(Task statement) Repeat the listing word for word, but skip any pictures.

(Source material)

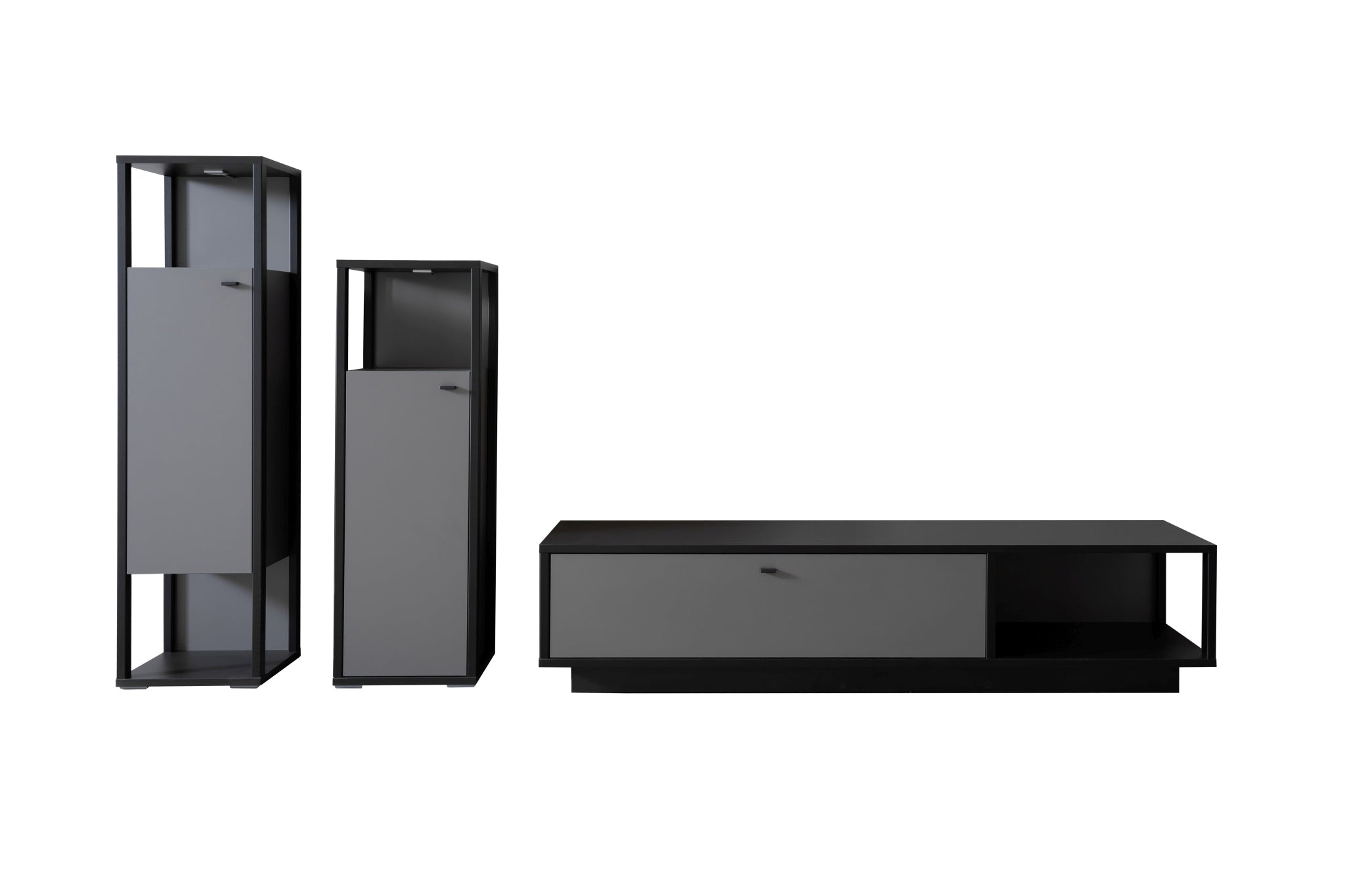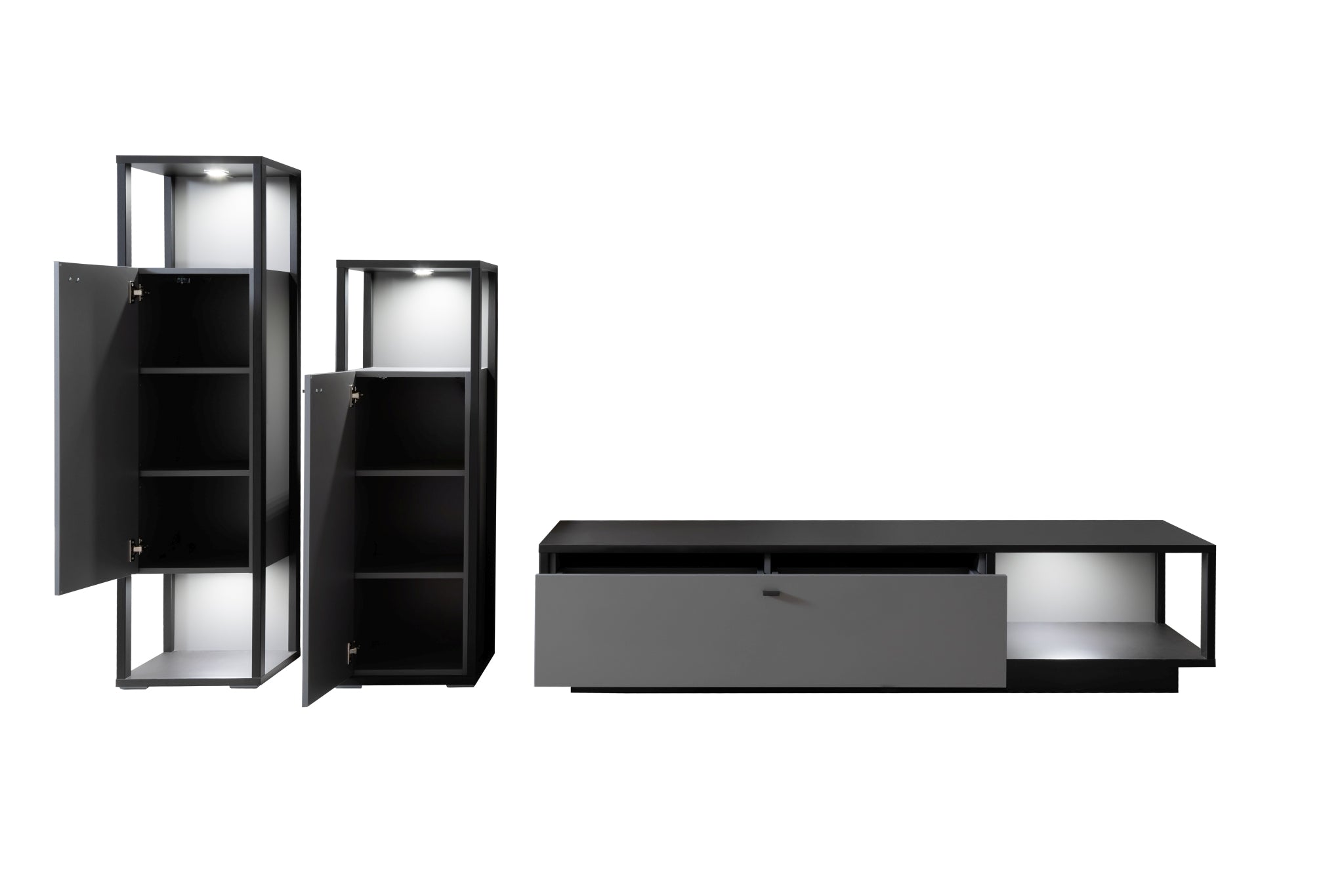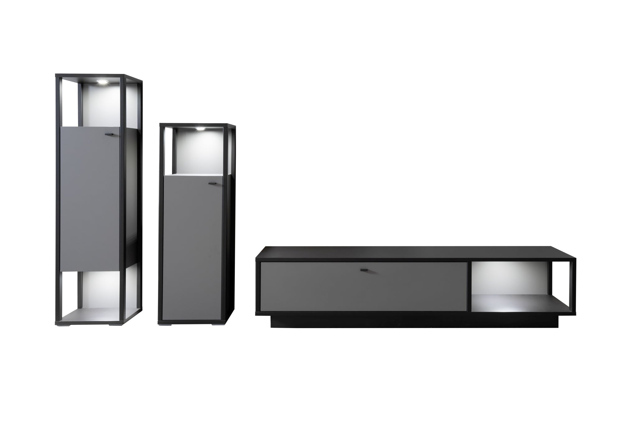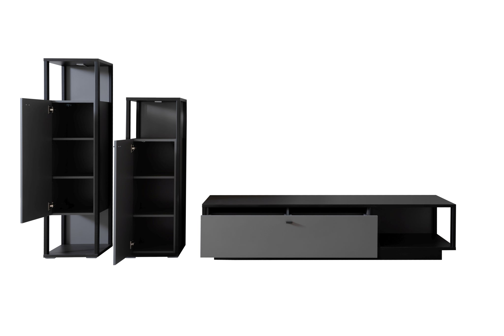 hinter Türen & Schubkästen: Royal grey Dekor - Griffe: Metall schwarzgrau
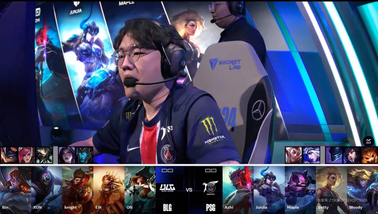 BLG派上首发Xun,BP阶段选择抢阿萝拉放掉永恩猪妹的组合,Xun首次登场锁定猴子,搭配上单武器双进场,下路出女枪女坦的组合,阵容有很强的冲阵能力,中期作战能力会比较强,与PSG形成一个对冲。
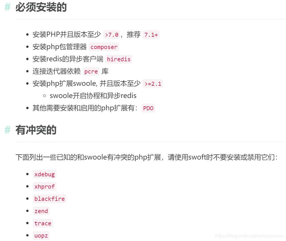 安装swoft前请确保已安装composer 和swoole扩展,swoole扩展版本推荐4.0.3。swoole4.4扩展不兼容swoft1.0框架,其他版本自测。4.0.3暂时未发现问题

(Written answer)
 hinter Türen & Schubkästen: Royal grey Dekor - Griffe: Metall schwarzgrau
 BLG派上首发Xun,BP阶段选择抢阿萝拉放掉永恩猪妹的组合,Xun首次登场锁定猴子,搭配上单武器双进场,下路出女枪女坦的组合,阵容有很强的冲阵能力,中期作战能力会比较强,与PSG形成一个对冲。
 安装swoft前请确保已安装composer 和swoole扩展,swoole扩展版本推荐4.0.3。swoole4.4扩展不兼容swoft1.0框架,其他版本自测。4.0.3暂时未发现问题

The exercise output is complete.